### Exercise prompt
Set down the lines below, exactly, starting at the one that contains "فستان أنيق بأكمام" and stopping at the last line, inclusive. Omit pictures.

Top of Records shown

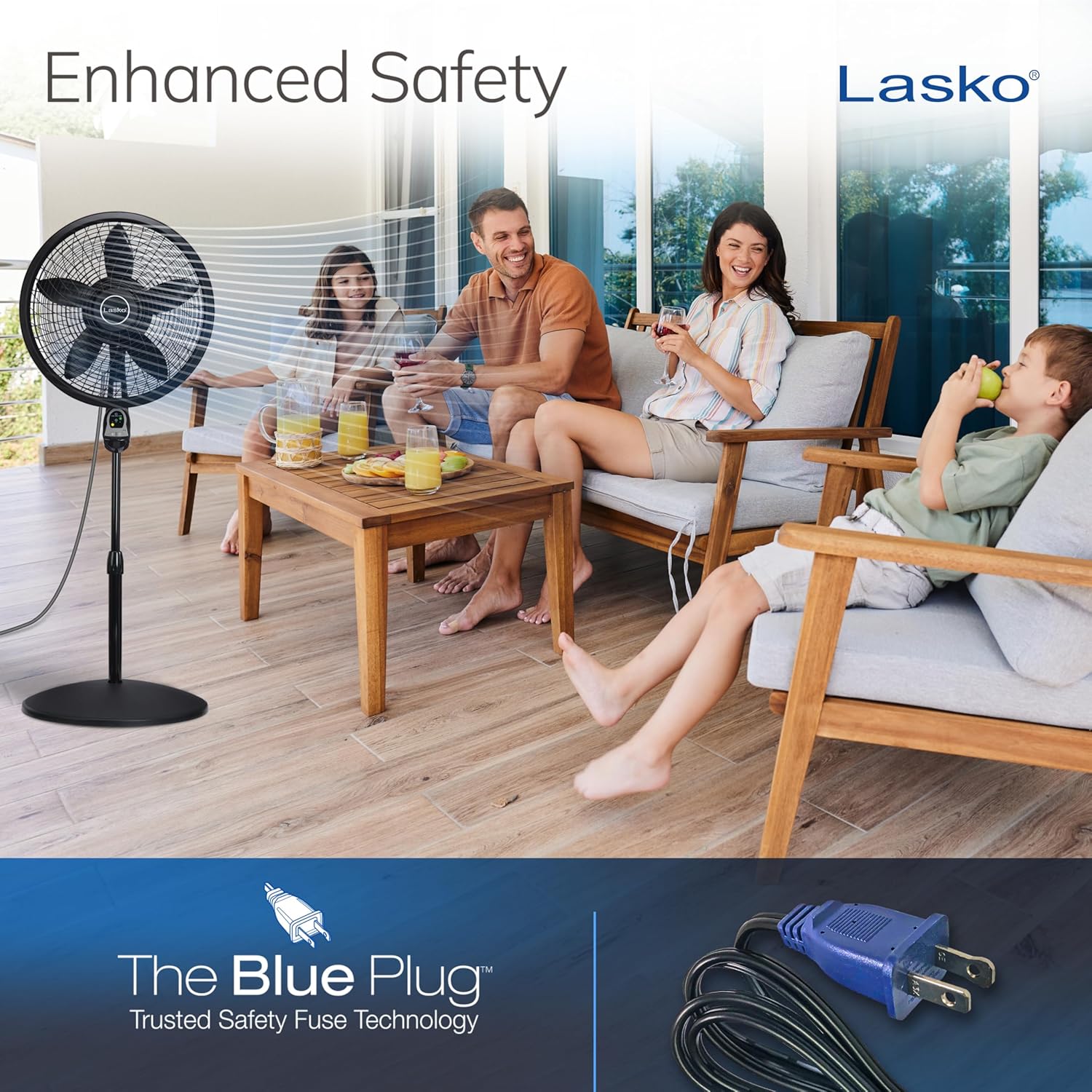 BUILT-IN SAFETY FEATURE: The Lasko fan’s Blue Plug cuts off the electric current if a hazardous fault is detected, providing safety in your pedestal fan with remote or oscillating fans for indoors
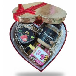 Cutie eleganta din carton rosu lucios, in forma de vinima, cu capac auriu si funda rosie contine: 1 borcan Dulceata bio de Capsuni 240g, 1 borcan pasta naturala de susan 250g si 1 borcan miere cruda de salcam 250g (la cerere se poate adapta in functie de dorinta)
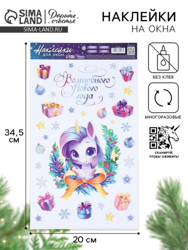 Наклейки на окна многоразовые «Новый год 2026», лошади, 20×34.5 см
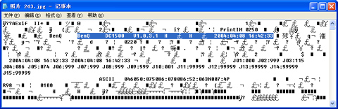 首先介绍最愚笨同时也是最简单的方法。用记事本直接打开一张JPG格式的数码相片(从“打开方式”中选择记事本程序即可),你看到什么了?不就是一堆密密麻麻的乱字符(如图1)。别急,请再仔细观察图中笔者用阴影标注的部分,即“BenQDC1500”和“2004:04:0816:42:33”,这些就是记事本可直接读取的Exif信息。由此我们不难看出,拍摄这张相片的数码相机品牌是BenQ,具体型号是DC1500,并且拍摄的具体时间是“2004:04:0816:42:33”。
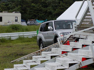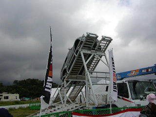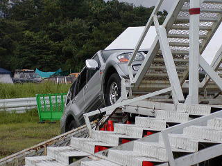 | 朝食後にマターリ | イベント会場では試乗会もやってました。 パリダカのコースに見立てて、いろんな設定が 作ってありました。 |
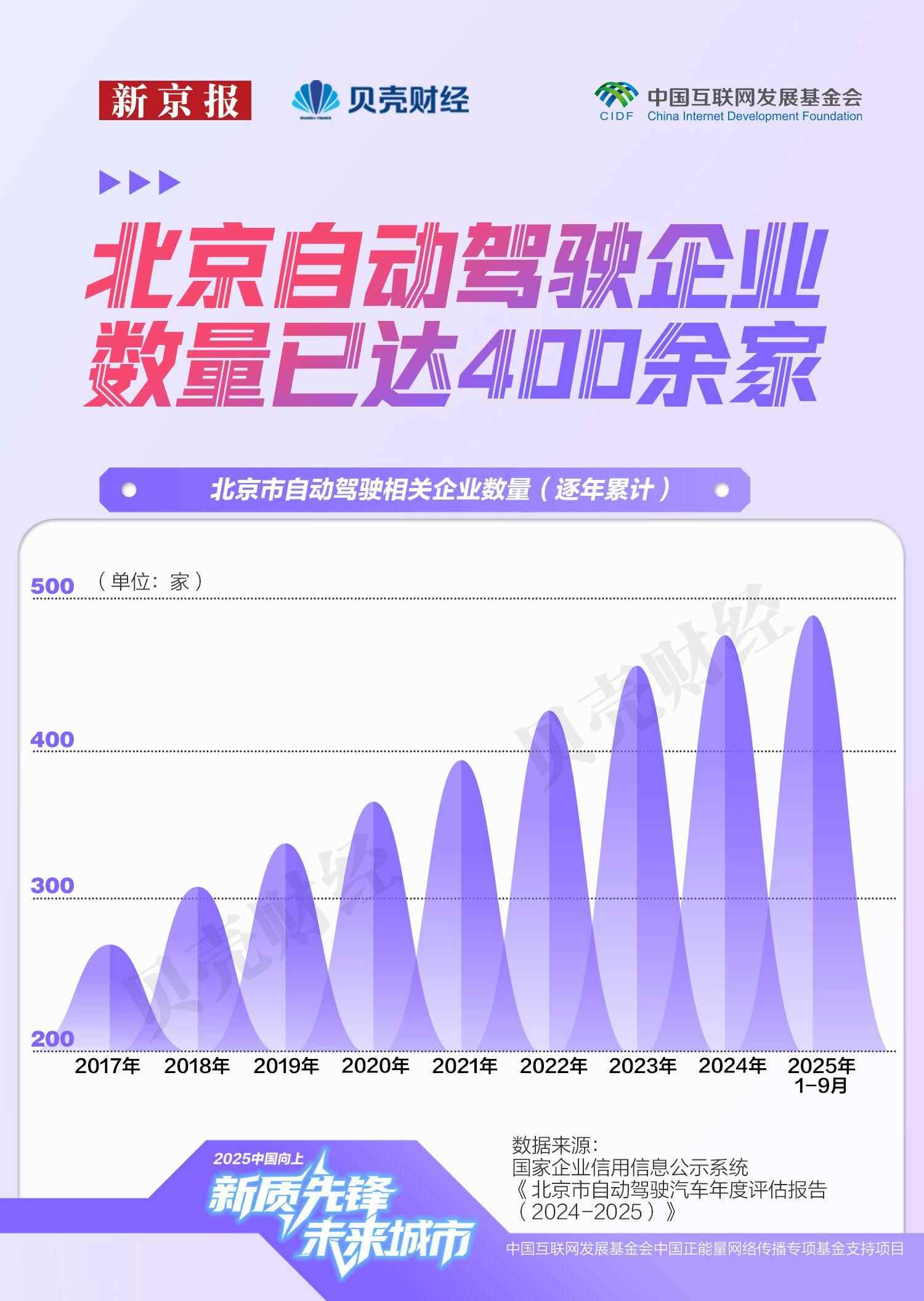 伴随产业政策持续发力和测试场景不断开放,2017年以来,北京自动驾驶相关企业年均新增超过20家,小微企业占比超过六成。截至2025年9月,北京已累计拥有400余家企业,初步形成覆盖“车、路、云、网、图、测、运”全链条的产业生态。
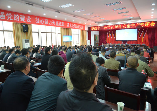 近日,華西十二公司召開(kāi)2016年安全生產(chǎn)專(zhuān)題會(huì)議,公司領(lǐng)導(dǎo)、三副總師、部門(mén)負(fù)責(zé)人、項(xiàng)目經(jīng)理、項(xiàng)目書(shū)記、項(xiàng)目安全生產(chǎn)管理員等共200名員工參加會(huì)議。
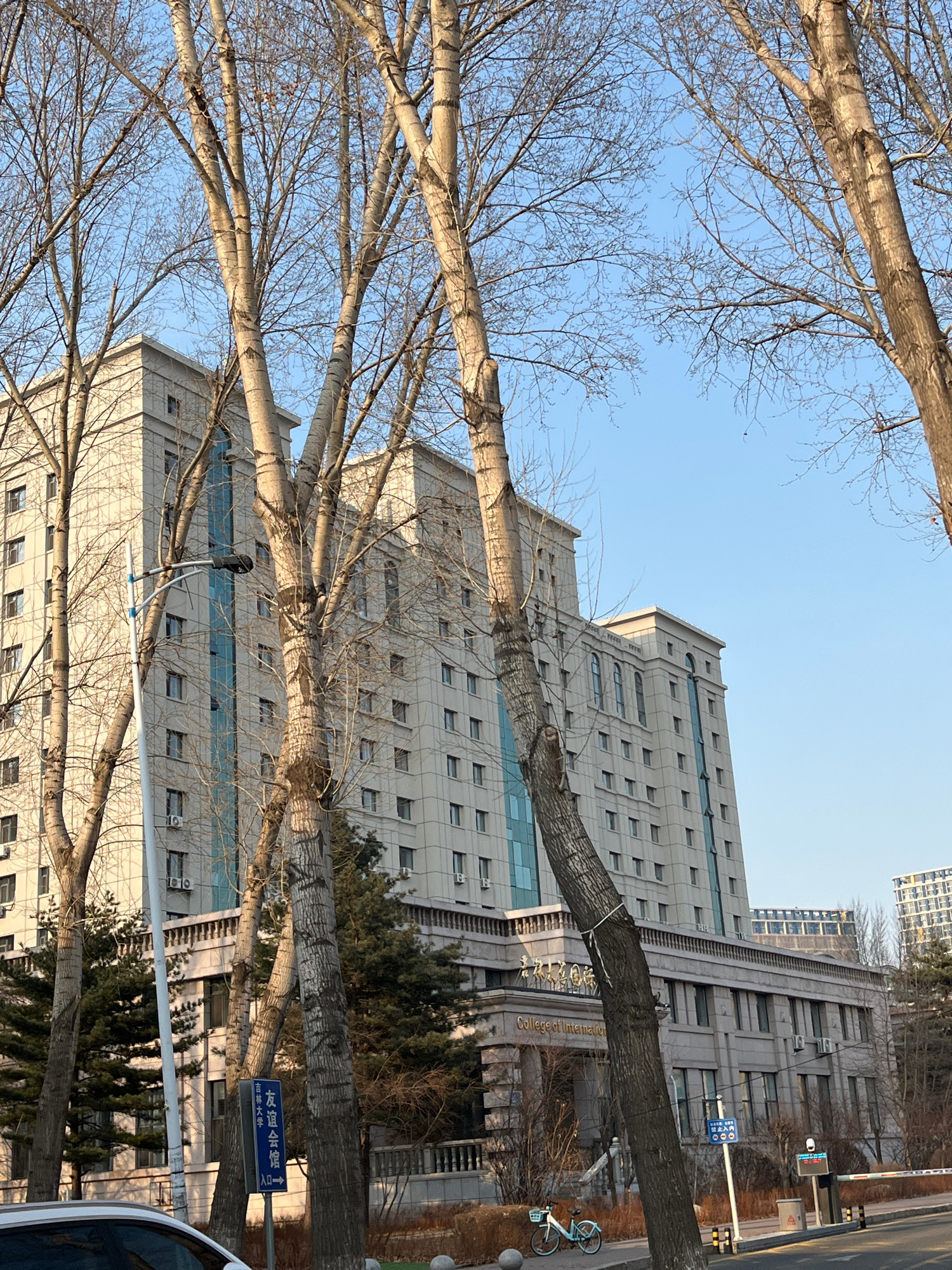 The image displays the College of International building and an associated Friendship Hotel/Guesthouse on the campus of Jilin University in Changchun City, China. The multi-story edifice features a li…read more
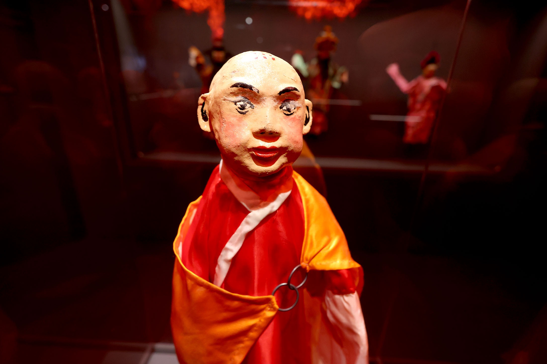 Мистерия, которая разворачивалась на вечерних улицах Пекина, продолжалась в народных представлениях Пекинской оперы, театра марионеток, театра теней. Театральная часть экспозиции, которая стала сердцем третьего раздела выставки, - одна из самых впечатляющих. Здесь, кстати, можно увидеть не только коллекцию, привезенную Сергеем Образцовым, но и современные маски персонажей пекинской оперы. Их можно примерить, почувствовать себя персонажем китайского романа "Путешествие на Запад".
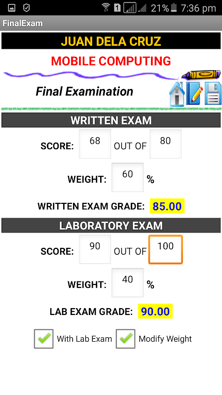It is the better way of not to be shocked when you receive your grades. Download, use it, setup the grading system, input your scores, and tabulate the final grade.
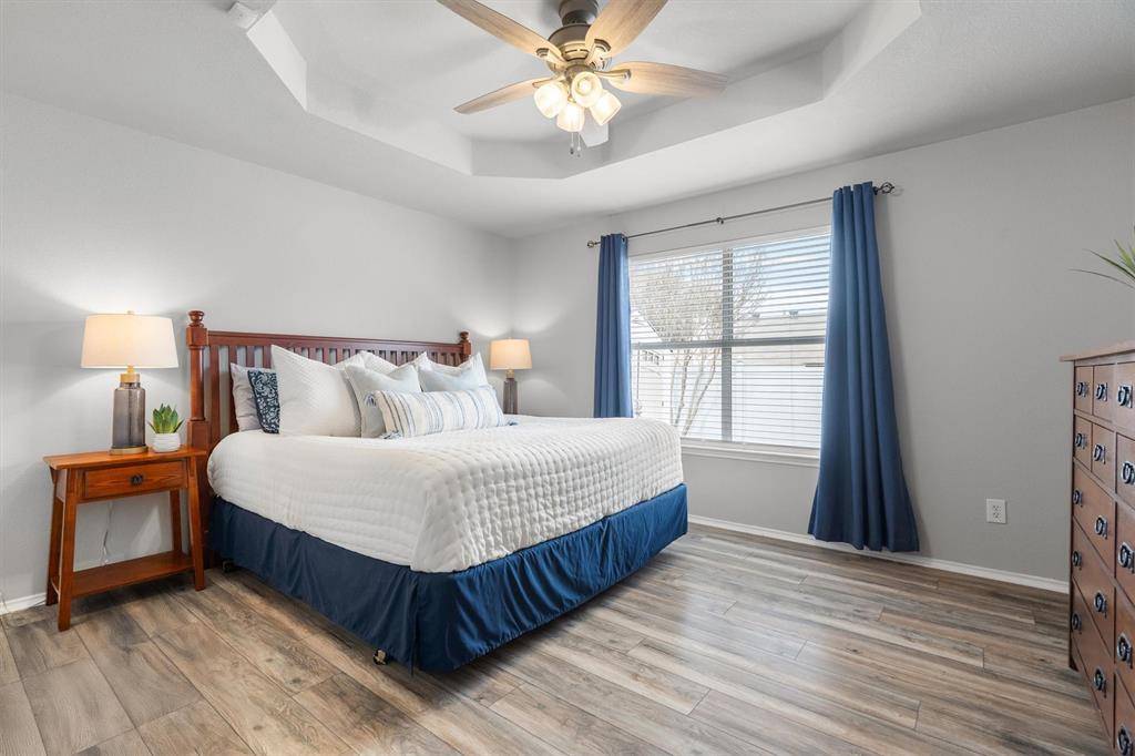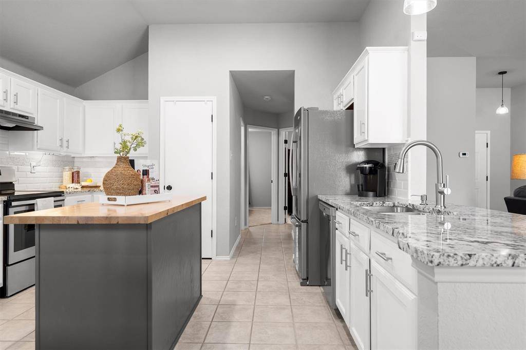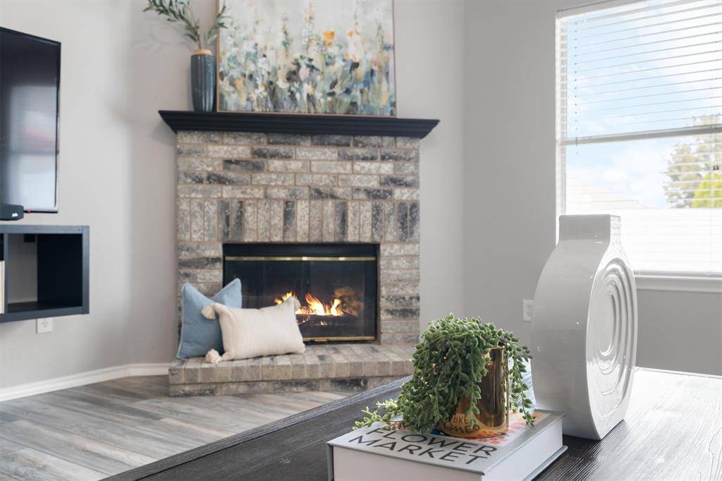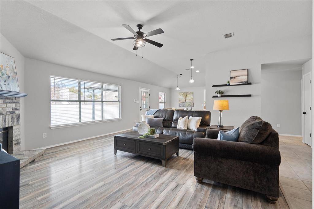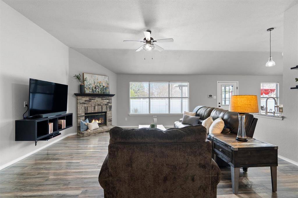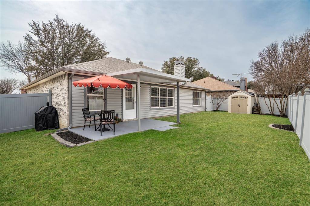 Welcome home! Nestled in the heart of Saginaw, TX, this charming one-story residence offers the perfect blend of comfort and convenience. From the moment you step inside, you're greeted by a warm and inviting living area anchored by a cozy wood-burning fireplace, ideal for relaxing evenings or gathering with loved ones and friends. Just across the living room, the beautifully updated kitchen is ready to impress. Featuring granite countertops, a stylish new backsplash, updated faucet, refreshed cabinetry, and a fresh coat of paint, this space truly feels like a chef's dream. Whether you're preparing weeknight dinners or hosting weekend get-togethers, this kitchen delivers both function and style. The primary suite provides a quiet and relaxing retreat, complete with a private ensuite bathroom showcasing gorgeous countertops, dual sinks, and a pampering garden tub designed to make every night feel like a spa night. Two additional bedrooms and a full bathroom offer flexibility for guests, loved ones, or even the perfect at-home office setup. Step outside to enjoy the beautifully maintained backyard, where a covered extended patio overlooks a peaceful outdoor space, perfect for morning coffee or evening unwinding. A convenient storage shed provides plenty of room for all your backyard essentials. This Saginaw gem is ready to welcome you home!
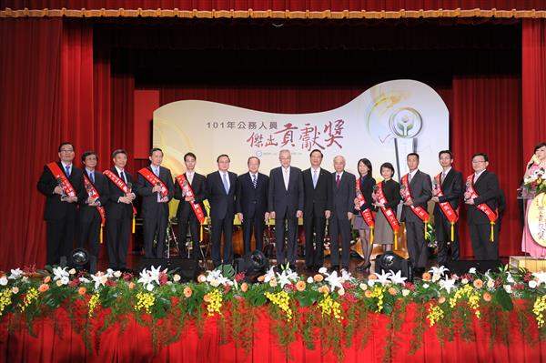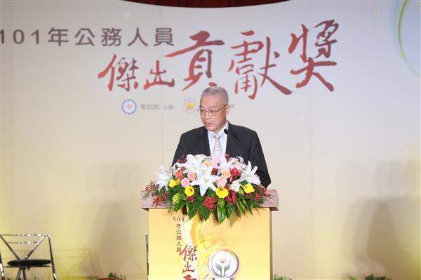 吳敦義副總統下午出席由考試院舉辦的「101年公務人員傑出貢獻獎」表揚大會,親自頒獎予10位模範公務人員,以肯定獲獎者對國家社會所做的貢獻,並期勉渠等繼續在工作崗位發揮潛能,、追求卓越績效,加強為民服務。
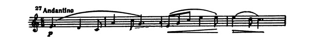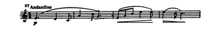 Столь же прост и скуп динамический план пьесы, построенный на чередовании и совмещении (при двухголосии) различных оттенков звучности piano с постоянным подчеркиванием «вилочками» октавного восхождения мелодии в третьем такте темы.
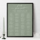 Poster Gráfico de Assentos Alfabéticos Verdes Folha
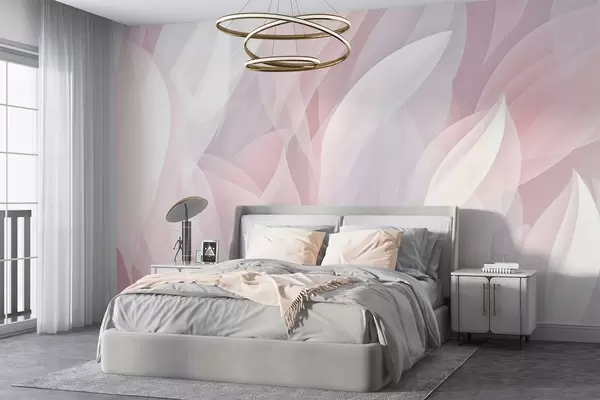 Фотошпалери Абстрактний дизайн із м'якими пелюстковими формами у відтінках рожевого та білого, що створюють ефект багатошаровості w08774
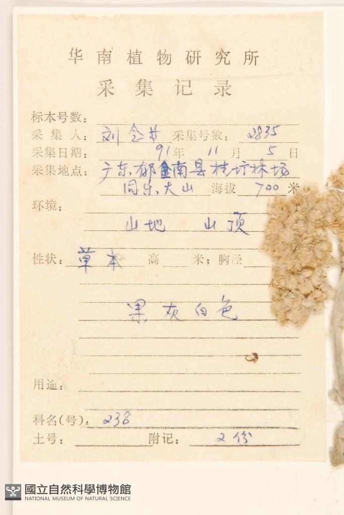 Collector's No.:劉?2835
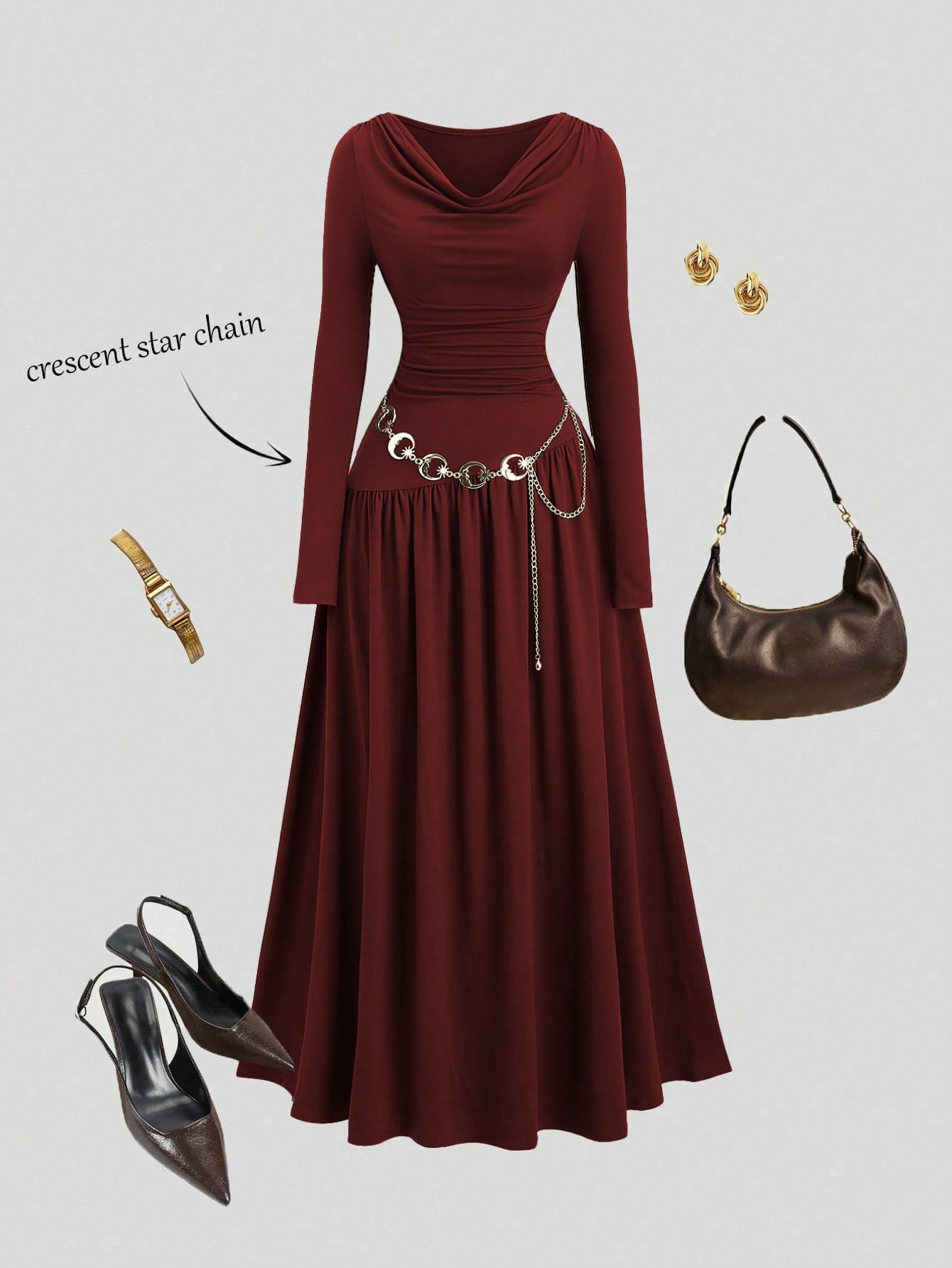 فستان أنيق بأكمام طويلة وياقة عميقة باللون البني الداكن
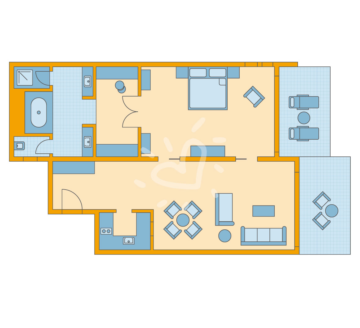 Details anzeigenNichtraucherzimmer, Im Village, Erdgeschoss, Poolblick, ca. 154 m² Gesamtanzahl der Räume in diesem Zimmertyp: 2, , optisch getrennt durch Schiebetür, Aufteilung wie folgt: Wohn-/Esszimmer, 1 Schlafzimmer 1 King Size Bett (180x200cm), 1 Schlafsofa (90x175cm), Babybett: ohne Gebühr Mindest-/Maximalbelegung: mind. 2 Erwachsene / max. 2 Erwachsene, 2 Kinder / Jugendliche von 2-17 Jahre und 1 Kleinkind unter 2 Jahren oder 4 Erwachsene und 1 Kleinkind unter 2 Jahren Die Unterbringung der 3. und 4. Person erfolgt auf dem Schlafsofa und im Zustellbett

Bottom of Records shown

### Response to the task
 فستان أنيق بأكمام طويلة وياقة عميقة باللون البني الداكن
 Details anzeigenNichtraucherzimmer, Im Village, Erdgeschoss, Poolblick, ca. 154 m² Gesamtanzahl der Räume in diesem Zimmertyp: 2, , optisch getrennt durch Schiebetür, Aufteilung wie folgt: Wohn-/Esszimmer, 1 Schlafzimmer 1 King Size Bett (180x200cm), 1 Schlafsofa (90x175cm), Babybett: ohne Gebühr Mindest-/Maximalbelegung: mind. 2 Erwachsene / max. 2 Erwachsene, 2 Kinder / Jugendliche von 2-17 Jahre und 1 Kleinkind unter 2 Jahren oder 4 Erwachsene und 1 Kleinkind unter 2 Jahren Die Unterbringung der 3. und 4. Person erfolgt auf dem Schlafsofa und im Zustellbett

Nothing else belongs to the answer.